Oceano Indiano: su una
nave mercantile danese irrompono i pirati somali.
R (2010) ha
rappresentato una discreta codifica del reale attraverso un cinema narrativo, e grazie ad un tale approccio il film ha potuto esaltarsi per mezzo delle sue soffocanti spirali drammatiche, vere e proprie trasposizioni
infernali all’interno di un carcere in Danimarca. Due anni dopo
Tobias Lindholm, uno che solitamente sceneggia per Vinterberg, ci
riprova senza il collega Michael Noer e dà alla luce
Kapringen, opera che si ispira a fatti realmente accaduti e
che cerca di assumere i medesimi connotati del film precedente; anche
qui Lindholm abbonda di camera a mano per buona parte del girato
riprendendo i suoi attori (due di essi reduci proprio da R)
nelle anguste stanzette della nave trasmettendo un senso di
claustrofobia e un puzzo di sudore che se proprio non ti si
appiccicano addosso perlomeno sono capaci di sfiorare anche gli animi
meno sensibili. Ciò che essenzialmente cambia è la
struttura della storia che in A Hijacking trova forma in un
pingpong tra l’imbarcazione dirottata dai pirati e tra gli uffici della
compagnia di navigazione dove il CEO aiutato dai suoi collaboratori
tenta di negoziare via telefono con i banditi.
Se sul cargo c’è
una certa fibrillazione implementata dal metodo di Lindholm, in
Europa, all’interno della sede, la vicenda dell’amministratore
delegato all’affannosa ricerca di denaro per soddisfare le
richieste piratesche non ha la medesima forza di quella che
riguarda il cuoco nel cuore dell’oceano. Le porzioni da
thriller diplomatico mal si coniugano con i segmenti sulla barca,
chiaro che Lindholm si è volutamente adoperato nel far
risaltare il più possibile la divergenza tra i due mondi
(anche cromatica: neon vs. penombra), però visto nell’insieme
il continuo botta & risposta non riesce a celare delle debolezze
che si riconducono a diversi ordini: tipo quello del “sano”

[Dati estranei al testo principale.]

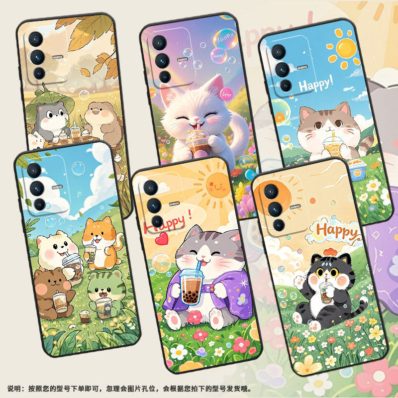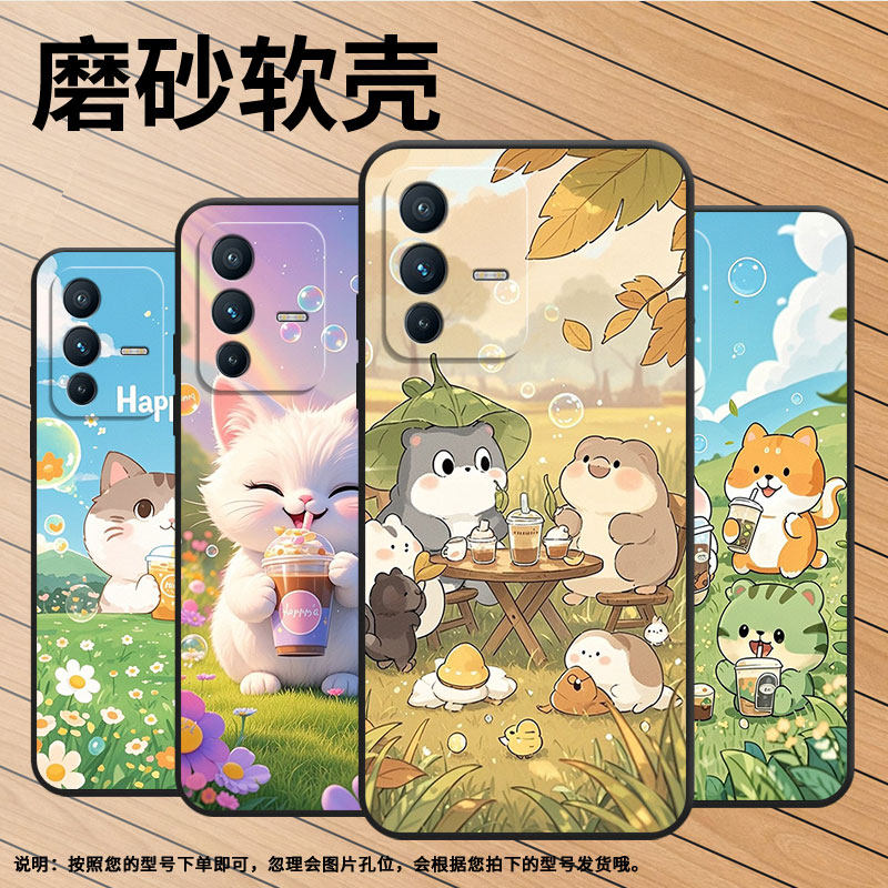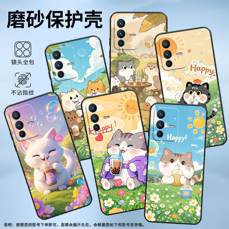 📚 适用vivov7手机壳v21/v30lite/v25磨砂v20硅胶v40se胖胖猫咪v50保护套v11卡通猫咪v27e粉色小猫v23潮流防摔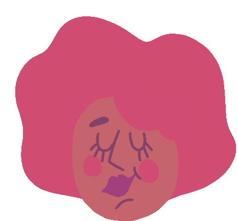 Marie Boiseau, a happy girl with vibrant pink hair and a peaceful, content expression, captured in a charming sticker.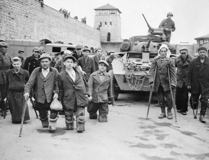 | Keywords: American (us) Embassy Second World War Photograph Library- Classified Print Collection EA65917.jpg American us Embassy Second World War Photograph Library- Classified Print Collection<br/> Crippled Russian and Polish prisoners stand in front of a US armoured vehicle belonging to the US 11th Armoured Divison This image was taken at Mauthausen concentration camp American official photographer 1945 Second World War http //media iwm org uk/iwm/mediaLib//293/media-293524/large jpg EA 65917 205222051 This image was created and released by the Imperial War Museum on the http //www iwm org uk/corporate/privacy-copyright/licence IWM Non Commercial Licence This photograph was taken by American military personnel in their official duties and is public domain under US law consequently the following licence applies in addition to any other claim PD-USGov-Mil American us Embassy Second World War Photograph Library- Classified Print Collection Associated people and organisations American Army Associated themes Poland 1939-1945 Polish Armed Forces 1939-1945 Associated keywords Liberation Allies Prisoners photographs PD-USGov American First World War Official Exchange collection Images uploaded by Fæ Mauthausen-Gusen concentration camp |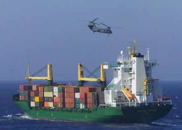 Keywords: US Navy 030326-N-9867P-003 A CH-46 Sea Knight helicopter performs a vertical replenishment (VERTREP) with the supply ship Warnow Trader.jpg en The Gulf of Aden Mar 26 2003 -- A CH-46 Sea Knight helicopter performs a vertical replenishment VERTREP with the supply ship Warnow Trader while deployed Warnow Trader is using the supplies to feed the troops from the 2nd Army Division which is fighting in support of Operation Iraqi Freedom Mt Whitney and embarked Marines are deployed to the Horn of Africa region in support of Operation Enduring Freedom U S Navy photo by Photographer s Mate 3rd Class Scott Phillips RELEASED 2003-03-26 030326-N-9867P-003 Navy http //www navy mil/view_image asp id 5849 U S Navy photo by Photographer s Mate 3rd Class Scott Phillips PD-USGov-Military-Navy Vertical replenishment CH-46 Sea Knight Warnow Trader ship 1996 Operation Enduring Freedom in 2003 0326 Piracy in Somalia Operation Enduring Freedom Horn of Africa |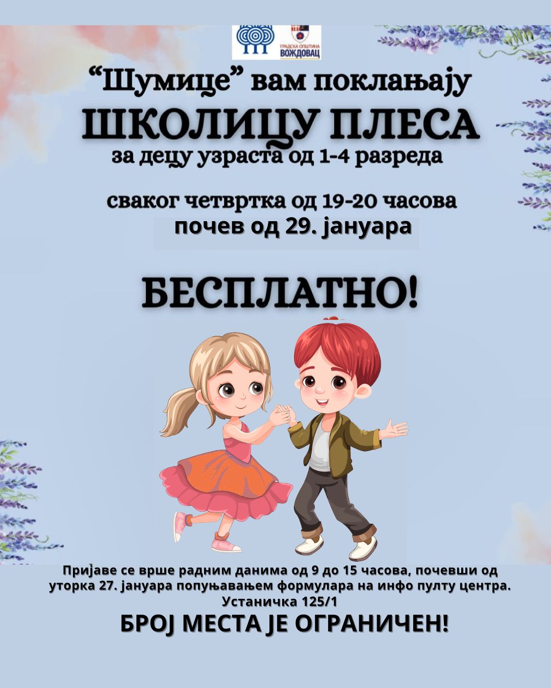 УВЦ „Шумице“ поклањају још један програм за најмлађе, школицу плеса за децу узраста од првог до четвртог разреда, који креће са реализацијом од 29. јануара.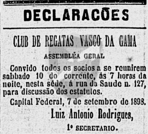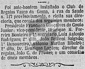 (1) Vide em A PRIMEIRA DIRETORIA DO VASCO - Há exatos 115 anos, foi instalado o club e tomava posse sua primeira diretoria.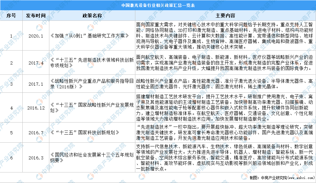 激光加工技術(shù)是我國(guó)重點(diǎn)支持發(fā)展的領(lǐng)域,作為現(xiàn)代制造業(yè)的支持性產(chǎn)業(yè),在國(guó)民經(jīng)濟(jì)發(fā)展過(guò)程中扮演著重要角色。國(guó)家為扶持激光加工技術(shù)的發(fā)展,制定了多項(xiàng)政策及法律法規(guī)。為規(guī)范激光行業(yè)的競(jìng)爭(zhēng)秩序,加強(qiáng)對(duì)激光行業(yè)相關(guān)知識(shí)產(chǎn)權(quán)的保護(hù)力度,促進(jìn)激光技術(shù)的發(fā)展創(chuàng)造了有利的環(huán)境。國(guó)家政策的落地實(shí)施為激光技術(shù)及激光制造的發(fā)展提供了保障,有力促進(jìn)激光設(shè)備行業(yè)的可持續(xù)發(fā)展。
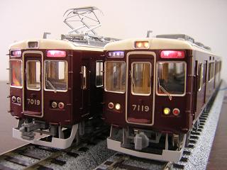 今回模型化した7019編成は、その最終型に当たるアルミ車体でスイープファン設置の8連通し編成で、主に神戸線で活躍しています。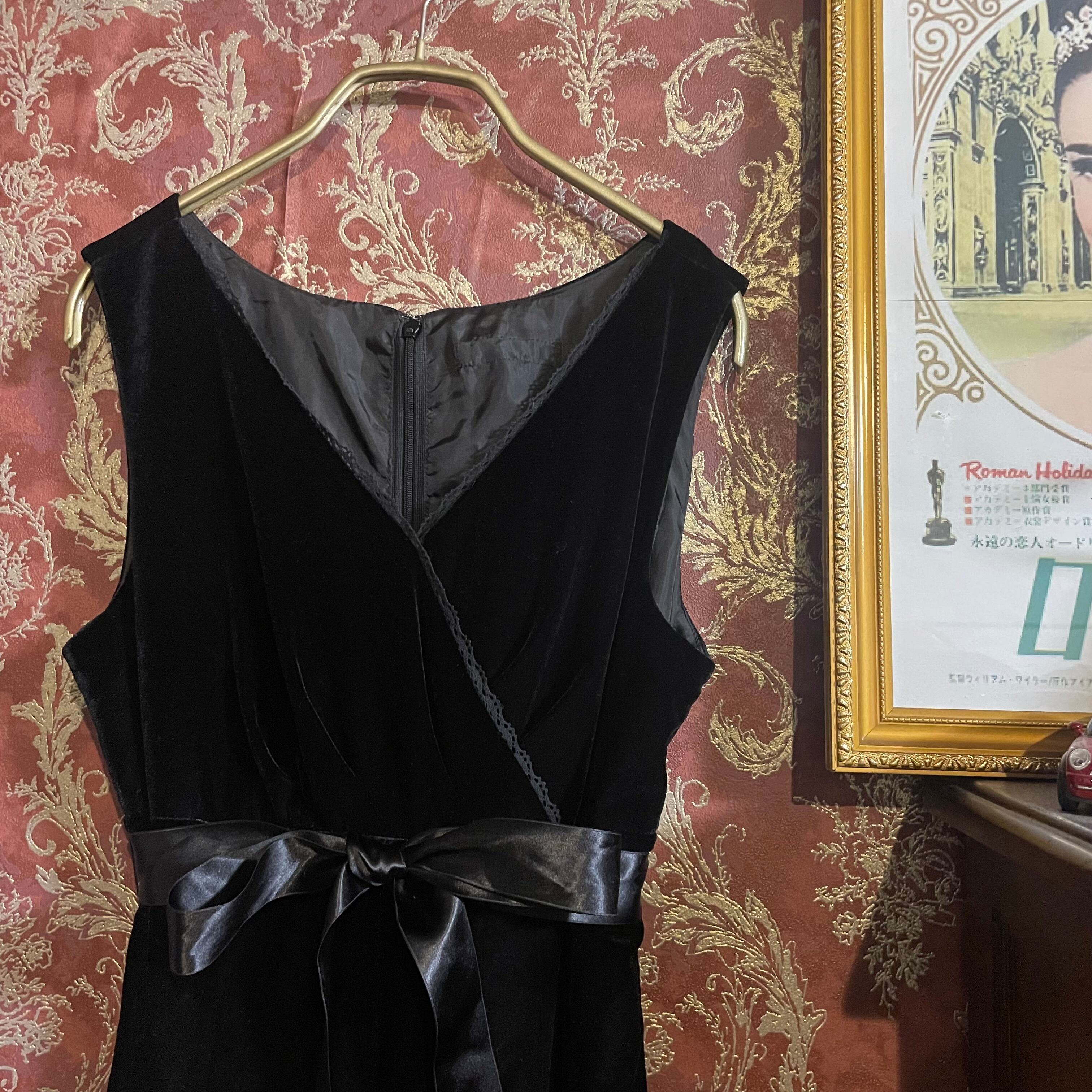 カシュクールデザインで、胸元のV字が女性らしい差を引き立て、胸下のリボンが可愛らしさを感じさせてくれます。

coinvolgimento (l’interesse scema nell’osservare gli ostacoli che
si presentano durante la trattativa fra buoni e cattivi), quello
della tensione (troppa disparità fra i somali armati di fucile
e gli uomini in giacca e cravatta dall’altra parte del globo) e
quello della descrizione (mi riferisco soprattutto alla scrittura del
personaggio principale ammantata di sentimentalismo [la faccenda
della moglie e della figlia] e alla non-scrittura di tutti gli altri
che sono davvero, troppo, esili).
L’accenno al fatto che
i rapitori siano nella stessa condizione dei rapiti è,
appunto, solo un accenno che scaturisce da un breve dialogo tra
Mikkel e Omar e che non viene approfondito più di tanto,
peccato perché uno scavo in questa direzione avrebbe potuto
dare al film un attestato di ricerca oltre al compitino facile
facile. Bruttino anche il finale a mio avviso, l’inserimento
(forzato) di un colpo di scena del genere produce l’effetto
contrario: l’impennata drammatica risulta artificiosa (tutto il
contrario di quanto succedeva in R), e per un film che vorrebbe
masticare il reale è inamissibile concedersi uno scivolone di tal
fatta.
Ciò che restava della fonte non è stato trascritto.